Making Factory Balls : A Puzzling Critical Play

What Is “Factory Balls”?

Factory Balls is a puzzle game created and developed by Bart Bonte originally on Flash. Its theming and mechanics are simple on the surface, allowing for a wide range of ages in its target audience. The basic premise of the game is that in each level you are given a plain white ball, a design to recreate, and tools to recreate it (like paint, construction hats, belts, and much more). The type of fun is concentrated in challenge, with an increasing difficulty curve and complexity of subsequent levels to maintain it as players improve.

 

 

Factory Balls and Mechanics

Factory Balls is an interesting case in that it relies almost solely on mechanics to create fun. There’s no overarching narrative and levels are linked only by their order and their relative difficulty.  Moreover, the only mechanic is using various tools to change the appearance of the ball, with the eventual goal of matching a provided image. This ranges from the simplest stage having you coat the ball in paint, to creating complex patterns by masking paint with construction hats, belts, and literal masks. 

 

Strength in Simplicity

The fun is the journey of going from the starting point (a blank canvas and tools) to the ending point (a ball that matches the image). The lack of other mechanics makes this journey have more clarity to players, the goal is to reach the destination, no matter how difficult. If there was a narrative, for example about being a factory worker who likes to bring the balls they make during break to their children at home, that would shift the player’s focus away from their own journey so that they could follow the characters.
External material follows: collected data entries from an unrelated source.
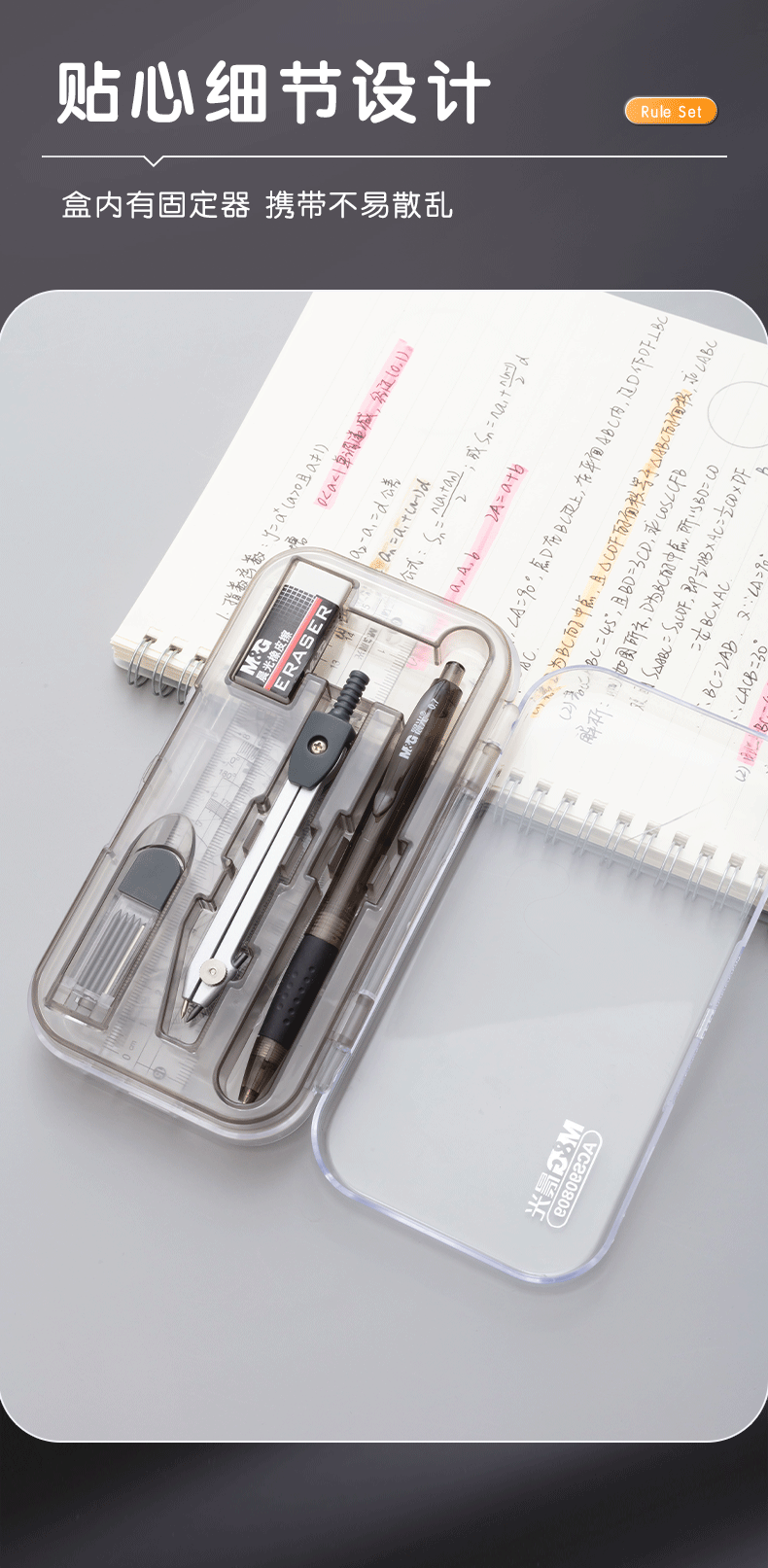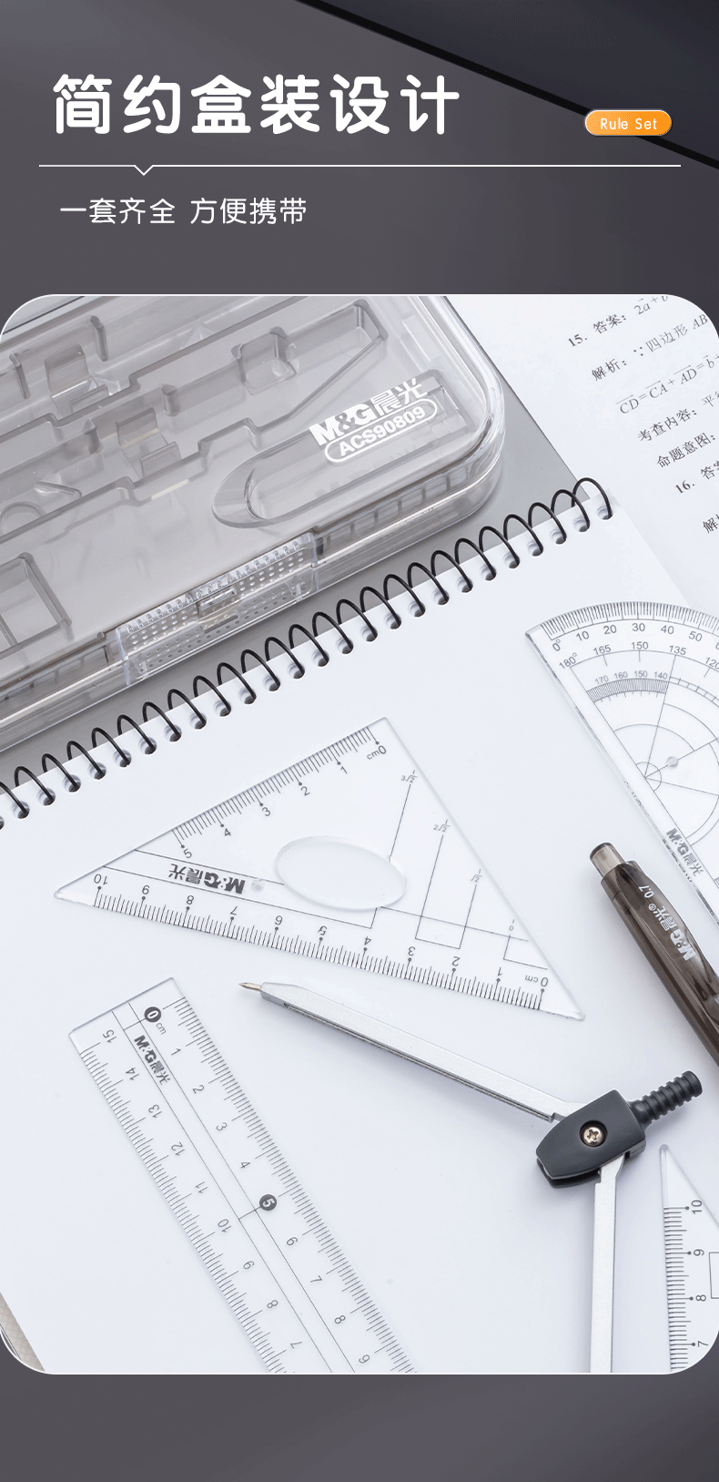 晨光(M&G)文具学生考试绘图套装(圆规+橡皮+自动铅笔+铅芯+套尺四件套)组合装 开学文具8件套ACS90809+半自动省力削笔机 铅笔削笔器 卷笔刀转笔刀APS95672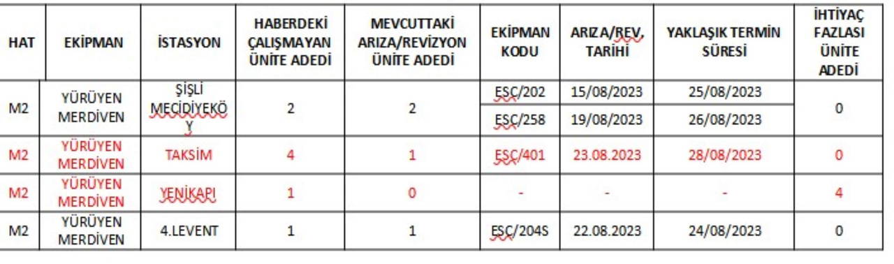 Hacıosman-Yenikapı M2 hattında 16 istasyon bulunuyor. Şişli-Mecidiyeköy durağında Şişli Cami yönüne çıkan yürüyen merdiven ile aynı durağın Fulya çıkışındaki merdiven çalışmıyor. Taksim istasyonunda ise Meydan'a çıkış ve iniş yönündeki yürüyen merdivenlerin hizmet vermemesi yolculukları daha da yorucu hale getiriyor. Merdiven önünde arızaya ilişkin paylaşılan bilgiye göre bu "çile"nin 30 Ağustos'a kadar devam edeceği anlaşılıyor.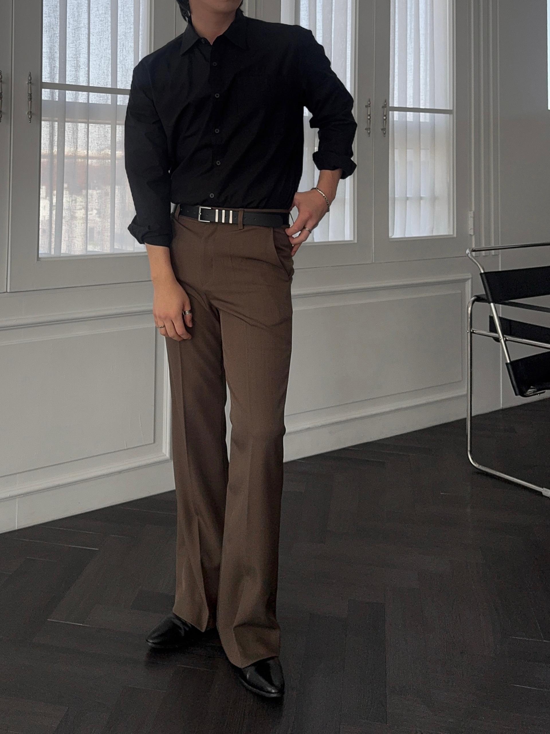 -텐슬감이 좋은 소재로 제작된 플레어 슬랙스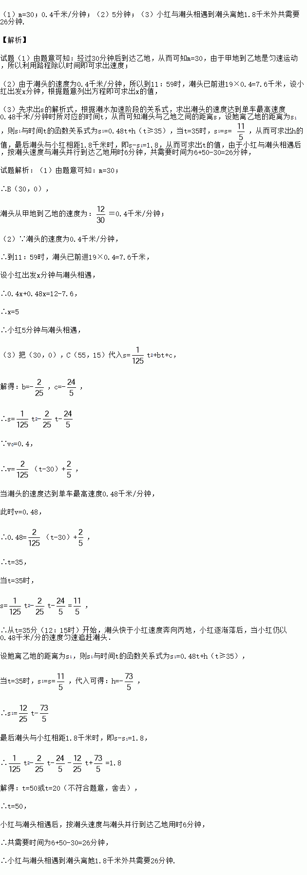 (3)相遇后,小红立即调转车头,沿江边公路按潮头速度与潮头并行,但潮头过乙地后均匀加速,而单车最高速度为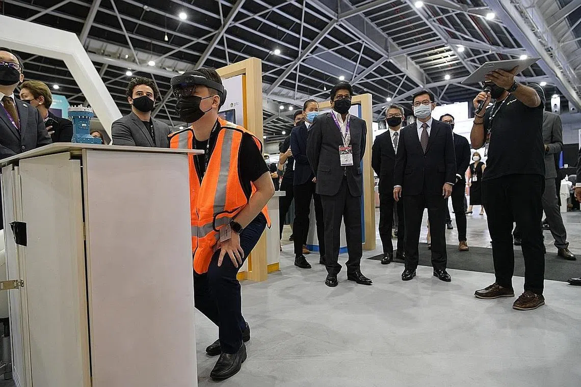 TINJAU TEKNOLOGI BARU: Encik Heng Swee Keat (dua dari kanan) mengunjungi kios Microsoft di ITAP 2021 di mana seorang pegawai menunjukkan HoloLens, iaitu sepasang cermin mata pintar realiti campuran yang dibangunkan dan dihasilkan oleh Microsoft, semalam. - Foto BH oleh NG SOR LUAN -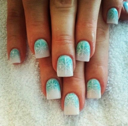 Мягкий и нежный вариант оформления для Ваших ноготков. Интересное решение градиентного перехода цветов из молочно-белого в светлый бирюзовый оттенок дарит ощущение загадки и недосказанности. А лак с блестками напоминает снег, искрящийся под лучами утреннего зимнего солнца. Каждый ноготь украшен тонкой ажурной снежинкой, что придаст изюминку любой девушке. Идеальный маникюр для зимних вечеринок с горячим глинтвейном. Вы точно будете в центре внимания!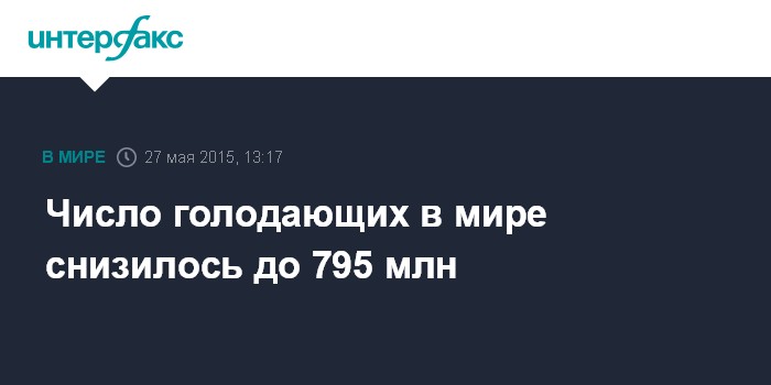 Москва. 27 мая. INTERFAX.RU - Число жителей Земли, страдающих от голода, за последнее время сократилось и составило около 795 млн человек, говорится в совместном докладе трех организаций под эгидой ООН.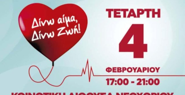 Η Νοσοκομειακή Υπηρεσία Αιμοδοσίας Χίου ενημερώνει ότι την Τετάρτη 4 Φεβρουαρίου θα πραγματοποιηθεί εθελοντική Αιμοδοσία με την υποστήριξη του Πολιτιστικού Επιμορφωτικού Συλλόγου Νεοχωρίου "Αγιος Μηνάς" στην Κοινοτική Αίθουσα Νεοχωρίου από τις 5.00 - 9.00 μ.μ.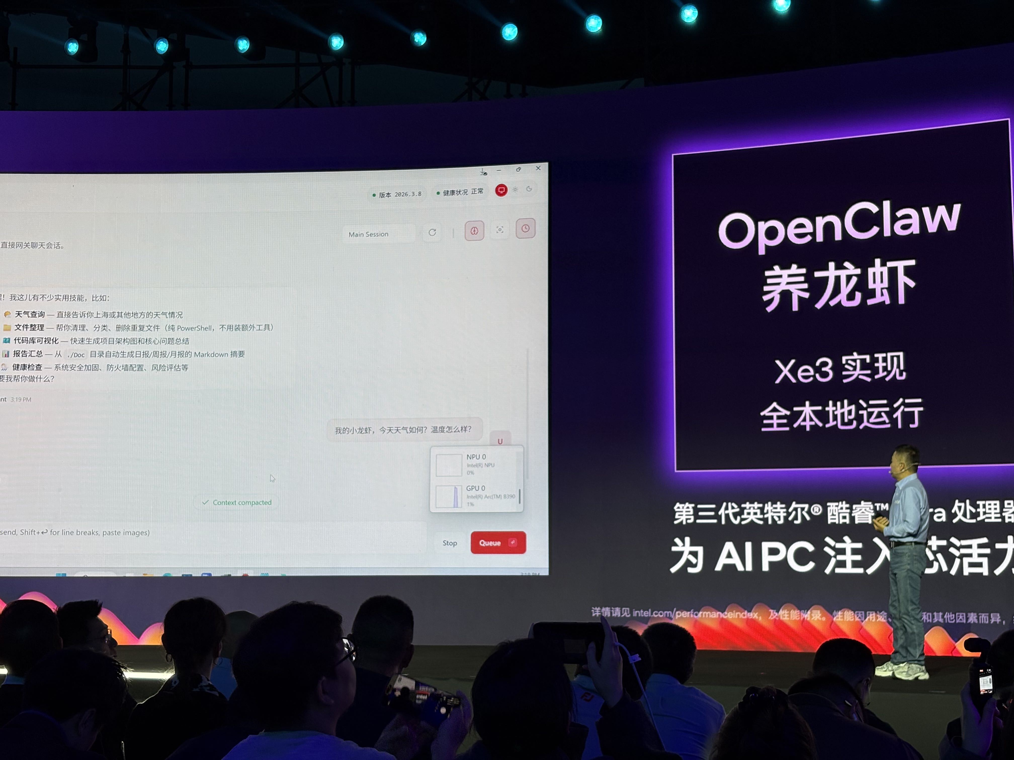 最受關注的還是部署在本地的「小龍蝦演示」——英特爾在現場演示了一台配備32GB顯存並搭載酷睿Ultra X的筆記本,在部署OpenClaw後,可本地調用35B模型,來執行多樣化的任務。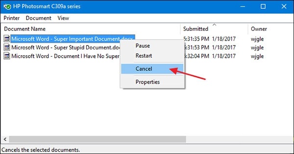 اگر با این کار هم موفق نشدید از فایل فعلی خود پرینت بگیرید باید پرینت تمام اسناد موجود را لغو کنید. به این منظور روی هر یک از فایل ها راست کلیک و این بار Cancel را انتخاب نمایید.

Factory Balls is a true back-to-basics game, where it lets its mechanic shine brightly without muddling it down with unnecessary details. Its simplicity is its greatest strength, allowing for the complexity of the puzzles to not become overwhelming. 

 

Room For Improvement

However, I do think a hint system could be beneficial since being unable to solve a puzzle completely halts the gameplay experience. Additionally, some of the actions that the tools cause can be unclear, like in the original Factory Balls where you can use an air pump to fill the ball and make it bigger. The expected size of the ball is hard to tell from the example, which could lead to frustration in more complex puzzles.